Hey, talexb, you are prescient. The administrators of our network do run nagios, but they don't expose much of the interface to the users. I have no admin privileges. My collegaues expressed that a program that helped them pick which of our common-use machines to use at any given time would be very helpful. I had no idea if or what the admin people had that might be similar. So I built a system. At first, it was a shell command that automatically logged the user on to the machine with the lowest load and opened an instance of emacs. Since the information that program used was stored in a file (collected every five minutes by polling the machines in question), I created a web page that displayed the stats.
Several users got pretty psyched about the web page. I guess they run a lot of heavy duty Monte Carlo simulations.
Since I got positive feedback I've been working on an upgrade that uses a DB back end and stores minutely status data for the 18 machines. Eventually I hope to be able to create historical graphs of the data.

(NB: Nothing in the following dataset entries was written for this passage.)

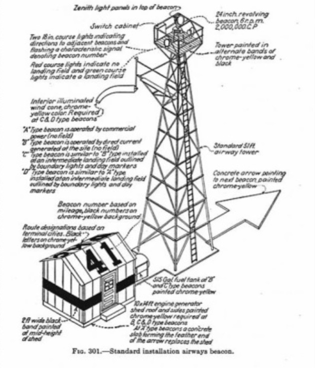 Some aerial beacon were little huts with a number painted on the roof. They were next to the tall beacon, with a concrete arrow pointing on to the next one. These are still found in the United States on hilltops, beside cities, although there are very few extant arrows.
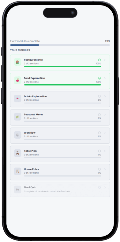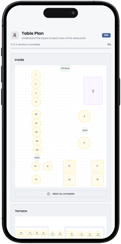 Bring new team members up to speed quickly. Share training materials, checklists, and essential information so every employee knows exactly how your restaurant operates from day one.
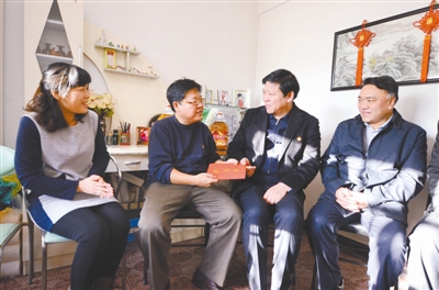 天津市委常委、政法委书记、总工会主席袁桐利到困难职工张伟家中慰问 (张磊 摄)
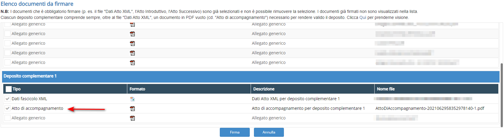 Per ogni deposito complementare, il sistema genera automaticamente un Documento di accompagnamento, ovvero un PDF nativo, che viene inserito come Atto principale.
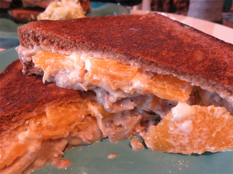 ライ麦入りの黒パン・牛肉・玉葱・ブルーチーズ・スライスオレンジという異色の組み合わせ。
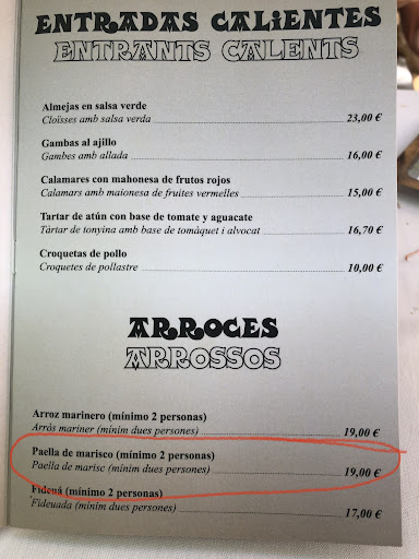 WORST EXPERIENCE EVER!!! My girl and I where thinking to get a small bite at this place. We saw on there menu, paella for minimum 2 persons €19. What a nice price, but no… it’s per person… the paella was ok, but small for €38. My girl and I felt robed. It’s not mentioned on their menu that it’s per person, and after you see the bill and try to talk to them (because you think there had been some mistake). They push and push you to pay by card… sorry… vacation killer… It’s not even for the money that I’m angry, just for the decencies. And what is their excuse? Everybody does it here. Wow… Beautiful town, beautiful culture but don’t go to this place. Or be warned for their...

The admin folks do have something similar, but don't advertise it.
The reason I say you're prescient is because I was poking around just today and found a shell command someone wrote that basically wgets a nagios web page displaying a list of hosts that looks something like
host1 is UP
host2 is DOWN
etc.
I have no idea how timely that data is or how it's created.
I don't generally track how quickly the hosts respond to the pings, I just needed to make sure they were up before I tried to ssh to them and execute the script that collected and reported the statistics. I was going to say I don't care, but now that you mention it, it does seem (and this is pure speculation based on anecdotal evidence) that the machines that have a higher load tend to take longer to reply and to return the stats. That info might be worth recording. Sort of like finding the best Counterstrike server!
I like computer programming because it's like Legos for the mind.
|